TASK BRIEF: Copy verbatim the span of lines beginning at the line that contains "Лайно стікало по" and ending with the final line of the data. Exclude pictures from the copy.

WORKING DATA:
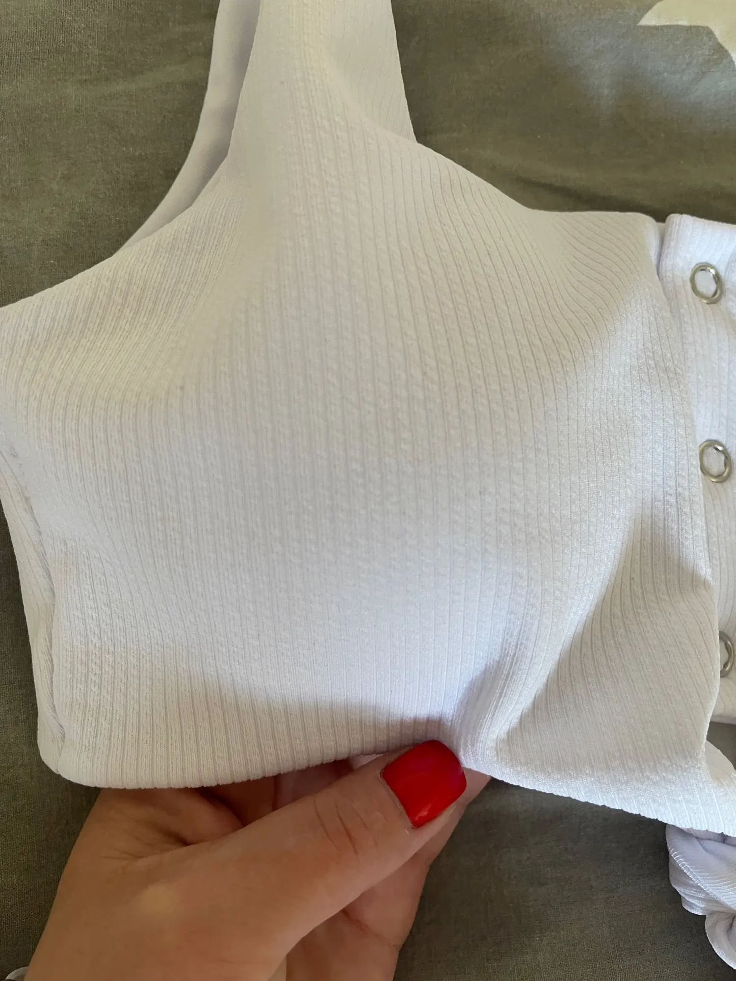 Хорошая приятная ткань и качество пошива. Размер L подходит на 44-46.... если размер ваш больше, брать L не надо. Чашечки не вынимаются, зашиты внутри, ремешок на трусиках можно регулировать, но на размер 48 все равно не пойдет, можно отрегулировать в меньшую сторону.
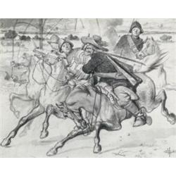 Matthew James Lawless (1837-1864) THE CAVALIER’S ESCAPE signed in monogram and dated [1861] lower right pencil and wash on paper –mounted but unframed 10 by 13cm., 4 by 5.25in. Literature: Engraved by Joseph Swain and reproduced alongside Walter Thornbury’s poem, ‘The Cavalier’s Escape’, published in Once A Week: an Illustrated Miscellany of Literature, Art, Science & Popular Information, Vol. IV, No. CIII, 15 June 1861, pp. 686-687; illustration p. 687; Walter Strickland, A Dictionary of Irish Artists Vol. II, Irish University Press.; Shannon, 1969, engraving listed p. 6 Considered by Strickland to be “one of the most brilliant and promising young artists to whom Ireland has given birth”, Matthew Lawless was a Pre-Raphaelite painter and illustrator who had a tragically brief career, dying of consumption at the age of 27. His work is consequently very rare and little known, although his large oil, The Sick Call, in the National Gallery of Ireland would be familiar to many. Born in Dublin, the son of solicitor Barry Edward Lawless of Harcourt Street, he studied art at the Langham School under Henry O’Neill RA. He began exhibiting at the RA at the age of 21, but was better known for his illustration work which was widely admired. In particular his drawings for Once a Week, such as is seen here, demonstrated according to Strickland “a genius of invention and a sense of beauty and form which ranked him as but little inferior to Millais and Sandys, and speedily obtained for him a wide reputation”. The present work was used as an illustration to Walter Thornbury’s poem of the same title. The wood engraved illustration differs slightly in that the background is more heavily wooded and a small bird was added just above the artist’s monogram. It is accompanied by a letter from Dr Mark L. Evans, Senior Curator of Paintings at the V&A Museum, confirming the title of the work.
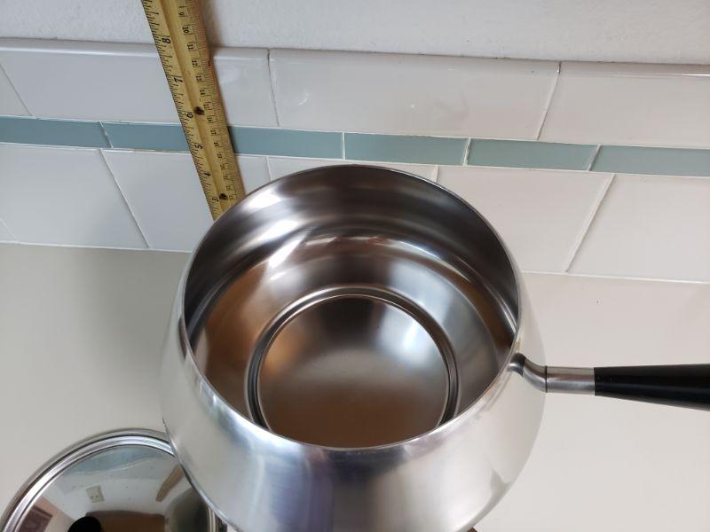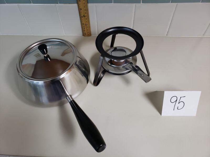 Lot 95: Mid Century Stainless Fondue Pot Made in Switzerland
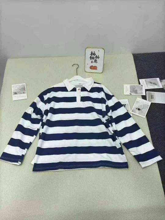 春秋薄款撞色条纹polo领棉质T恤潮牌小众设计感宽松别致,数量928件,码数M-...
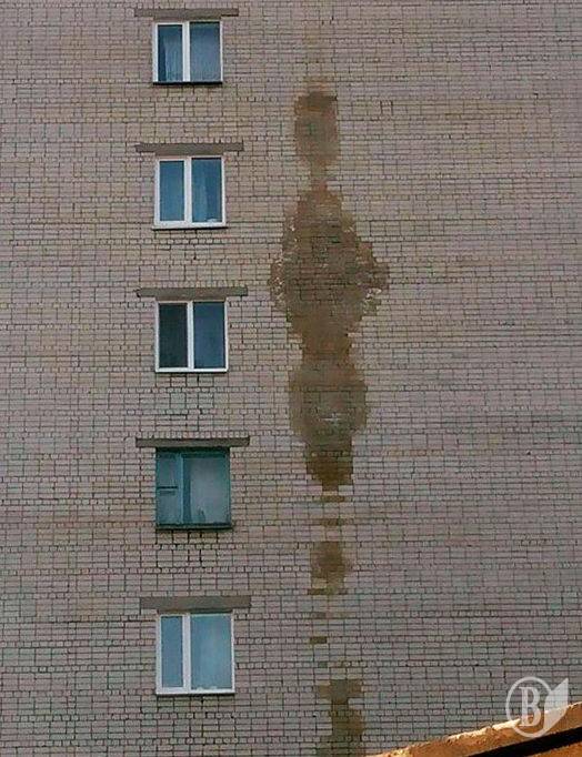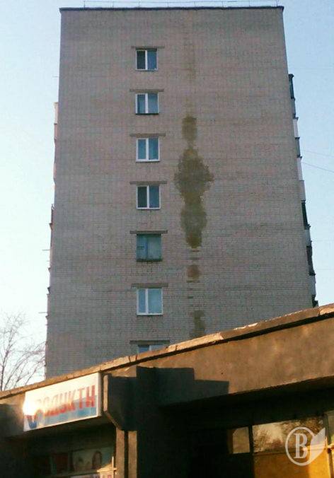 Лайно стікало по стіні будинку плямою на всі 9 поверхів
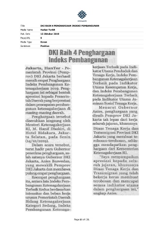 Title DKI RAIH 4 PENGHARGAAN INDEKS PEMBANGUNAN Media Name Harian Terbit Pub. Date 15 Oktober 2019 Page/URL 5 Media Type Koran Sentiment Positive Page 68 of 136.
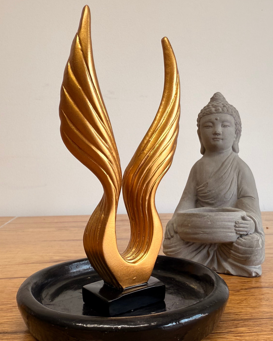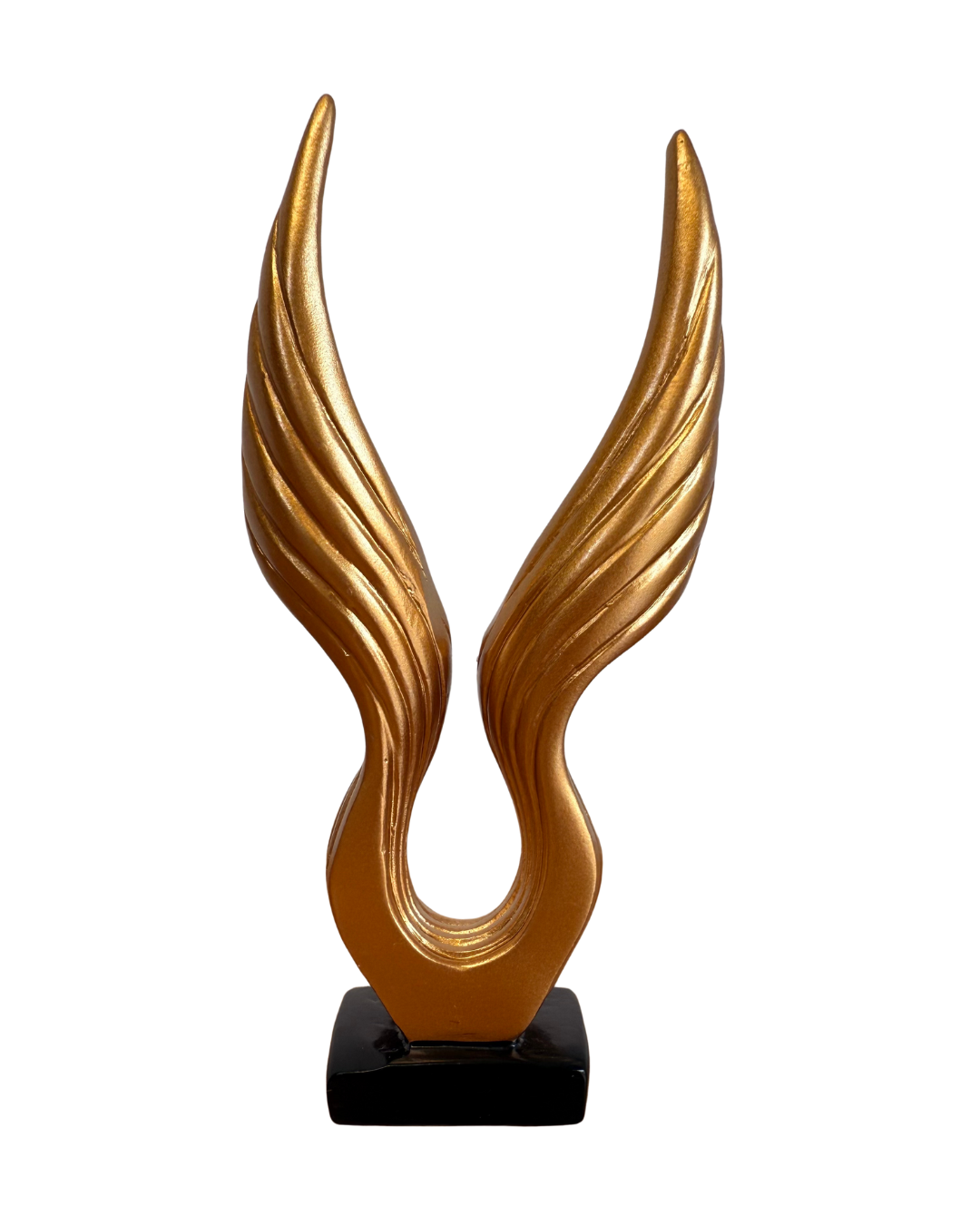Eleva la energía de tus espacios con esta pieza decorativa de Alas extendidas en resina color dorado, combina elegancia con un toque espiritual.

WRITTEN RESPONSE:
 Лайно стікало по стіні будинку плямою на всі 9 поверхів
 Title DKI RAIH 4 PENGHARGAAN INDEKS PEMBANGUNAN Media Name Harian Terbit Pub. Date 15 Oktober 2019 Page/URL 5 Media Type Koran Sentiment Positive Page 68 of 136.
Eleva la energía de tus espacios con esta pieza decorativa de Alas extendidas en resina color dorado, combina elegancia con un toque espiritual.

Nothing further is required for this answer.